Figure 3 presents comparisons of the glycemic and insulinemic responses to isomaltulose and sucrose in the various populations. Irrespective of whether isomaltulose or sucrose was ingested, the circulating glucose concentrations of unhealthy participants were greater than those of healthy participants (P values for isomaltulose: 0 min, P = 0.0052; 30 min, P = 0.0159; 60 min, P = 0.0304; 120 min, P = 0.0129; and 180 min, P = 0.0105; P values for sucrose: 0 min, P = 0.0086; 30 min, P = 0.0164; 120 min, P = 0.0003; and 180 min, P = 0.0047) (Supplemental Table 3). No significant differences were identified in the insulin concentrations between healthy and unhealthy participants (Figure 3B), but the peak insulin concentrations were at 90 min following isomaltulose and sucrose ingestion in unhealthy participants, which were 30 min and 60 min later than those in healthy participants.

FIGURE 3.

FIGURE 3

Subgroup analyses of the changes in blood glucose and insulin concentrations after ingestion. Comparisons of the changes in blood glucose and insulin concentrations to each carbohydrate are shown for participants with differing health status (A and B), age category (C and D), BMI category (E and F), and ethnicity (G and H). The numbers of included studies of 0, 30, 60, 90, 120, and 180 min for the healthy group are 6, 6, 6, 6, 6, and 3; for the unhealthy group are 5, 4, 5, 2, 5, and 5; for the age ≤50-y group are 6, 5, 6, 5, 6, and 4; for the age >50-y group are 4, 4, 4, 2, 4, and 4; for the normal-weight group are 5, 5, 5, 5, 5, and 3; for the overweight or obesity group are 5, 4, 5, 2, 5, and 5; for the Asian group are 5, 5, 5, 5, 5, and 2; and for the European group are 6, 5, 6, 3, 6, and 6. Values are means. *Significant difference between the subgroups.

Figure 4 shows the differences (WMDs) in circulating glucose and insulin concentrations between the isomaltulose and sucrose arms at the various time points for the subgroups. As shown in Figure 4A, there were statistically significant negative WMDs of circulating glucose at 30 min (WMD: −2.20 mmol/L; 95% CI: −2.76, −1.64 mmol/L; P < 0.001; I2 = 0.0%) and 60 min (WMD: −1.45 mmol/L; 95% CI: −2.36, −0.53 mmol/L; P = 0.002; I2 = 63.6%) in unhealthy people, and at 30 min (WMD: −1.79 mmol/L; 95% CI: −1.96, −1.61 mmol/L; P < 0.001; I2 = 0.0%) in healthy people.
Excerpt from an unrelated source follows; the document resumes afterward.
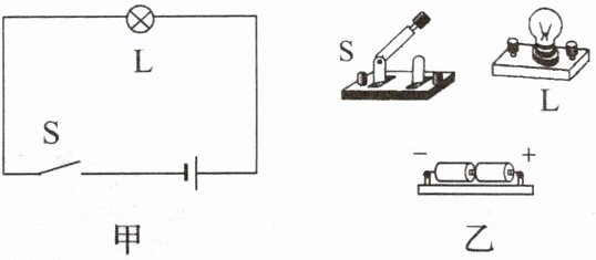 4.(由电路图连接实物图)根据如图甲所示的电路图,用笔画线表示导线,将图乙中的元件连接起来。

In addition, there were larger fluctuations in the WMDs in circulating glucose and smaller fluctuations in the WMDs in insulin concentration in the unhealthy participants than in the healthy participants, although these were not statistically significant (Supplemental Tables 4 and 5).

FIGURE 4.

FIGURE 4

Subgroup analyses of the weighted mean difference in postprandial blood glucose and insulin concentrations between the isomaltulose and sucrose arms. Comparisons of the WMDs of these two carbohydrates in people with differing health status (A and E), age category (B and F), BMI category (C and G), and ethnicity (D and H). Each panel shows the WDMs and corresponding 95% CIs (vertical lines around every point). The numbers of included studies of 0, 30, 60, 90, 120, and 180 min for the healthy group are 6, 6, 6, 6, 6, and 3; for the unhealthy group are 5, 4, 5, 2, 5, and 5; for the age ≤50-y group are 6, 5, 6, 5, 6, and 4; for the age >50-y group are 4, 4, 4, 2, 4, and 4; for the normal-weight group are 5, 5, 5, 5, 5, and 3; for the overweight or obesity group are 5, 4, 5, 2, 5, and 5; for the Asian group are 5, 5, 5, 5, 5, and 2; and for the European group are 6, 5, 6, 3, 6, and 6. *Significant difference between the subgroups. WMD, weighted mean difference.

≤50 y vs. >50 y of age

As shown in Figure 3C, the circulating glucose concentrations of the older participants (>50 y) were greater than those of the younger participants (following isomaltulose ingestion: 0 min, P = 0.0028; 30 min, P = 0.0095; 60 min, P = 0.0023; 120 min, P = 0.0008; and 180 min, P < 0.0001; following sucrose ingestion: 0 min, P = 0.0007; 30 min, P = 0.0057; 60 min, P = 0.0009; 120 min, P = 0.0023; and 180 min, P = 0.0061; Supplemental Table 3). There was no difference in insulin concentration between the younger and older participants (Figure 3D).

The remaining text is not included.